Closed codereport closed 6 months ago

codereport commented 6 months ago

Hey @tcbrindle,

There is an issue with the flux::scan function. It seems as if you are initializing the state to zero, instead of applying the binary operation to the first two elements. It means anything that doesn't have 0 as the "identity" element will break. https://flux.godbolt.org/z/8YK6aErh5

auto iota_scan(int n, auto f) {
    return flux::iota(1, n + 1).scan(f).template to<std::vector>();
}

int main() {
    fmt::print("{}\n", iota_scan(5, std::plus{}));        // ✅ [1, 3, 6, 10, 15]
    fmt::print("{}\n", iota_scan(5, std::multiplies{}));  // ❌ [0, 0, 0, 0, 0]
    fmt::print("{}\n", iota_scan(5, std::ranges::max));   // ✅ [1, 2, 3, 4, 5]
    fmt::print("{}\n", iota_scan(5, std::ranges::min));   // ❌ [0, 0, 0, 0, 0]
}

Technically the max scan would break as well if you had negative numbers.

tcbrindle commented 6 months ago

Hey Conor, thanks for the bug report. In this case however, it's not a bug (as such), but maybe something I need to be more clear about :)

The flux::scan adaptor takes a binary function and an optional initial value -- if the latter is not supplied, it uses a default-constructed object of the sequence's value type, which is 0 in this case.
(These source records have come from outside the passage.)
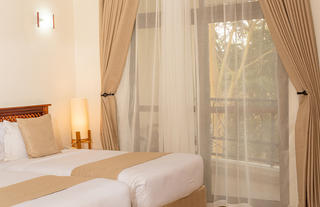 Spacious rooms with twin or doublé bed located in bungalows and set in three private wings that connect through pathways.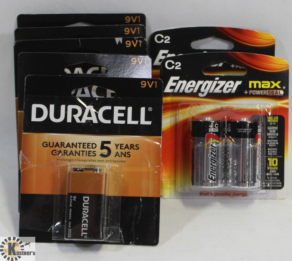 BAG OF ENERGIZER & DURACELL 9V1 & C2 BATTERIES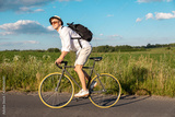 Casual lad in white riding a stylish yellow bike in summer countryside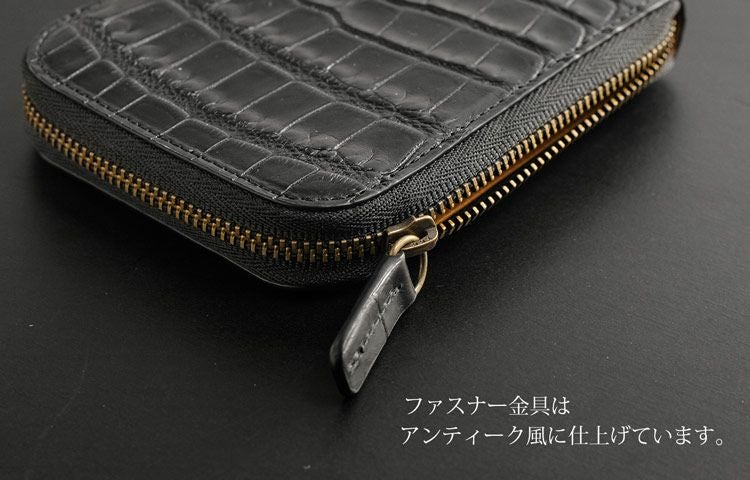 クロコダイル コインケース IC カードケース付き マット加工 ラウンドファスナー レディース ブラック 4FA

If you don't want to provide an initial value, there's scan_first() which uses the first element of the sequence as the initial value and applies the operation to subsequent elements. If you use that, it works as expected:

auto iota_scan(int n, auto f) {
    return flux::iota(1, n + 1).scan_first(f).template to<std::vector>();
}

int main() {
    fmt::print("{}\n", iota_scan(5, std::plus{}));        // ✅ [1, 3, 6, 10, 15]
    fmt::print("{}\n", iota_scan(5, std::multiplies{}));  // ✅ [1, 2, 6, 24, 120]
    fmt::print("{}\n", iota_scan(5, flux::cmp::max));   // ✅ [1, 2, 3, 4, 5]
    fmt::print("{}\n", iota_scan(5, flux::cmp::min));   // ✅ [1, 1, 1, 1, 1]
}

https://flux.godbolt.org/z/qqYs3vPvT

The reason for the two functions is that I wanted consistency with fold() and fold_first(), the latter of which also doesn't use an initial value. It's mentioned in the documentation but maybe I need to make the difference more clear somehow.

I hope this explains it!

(Also, FYI, you can now select Flux in the "Libraries" tab in Compiler Explorer, so you don't need to do the #include <really_long_path_to_github> thing any more.)

tcbrindle commented 6 months ago

Also, fmt should now be able to print Flux sequences directly without needing to write them to a vector first -- but it's only in the trunk version of fmt for now, so if you want to try it you'll need to #define FMT_HEADER_ONLY in Compiler Explorer until Victor makes a new release: https://flux.godbolt.org/z/81Tnoc84a

(This should work for all Flux sequences, but it's still new so if you come across any problems please let me know and I'll see if I can fix it.)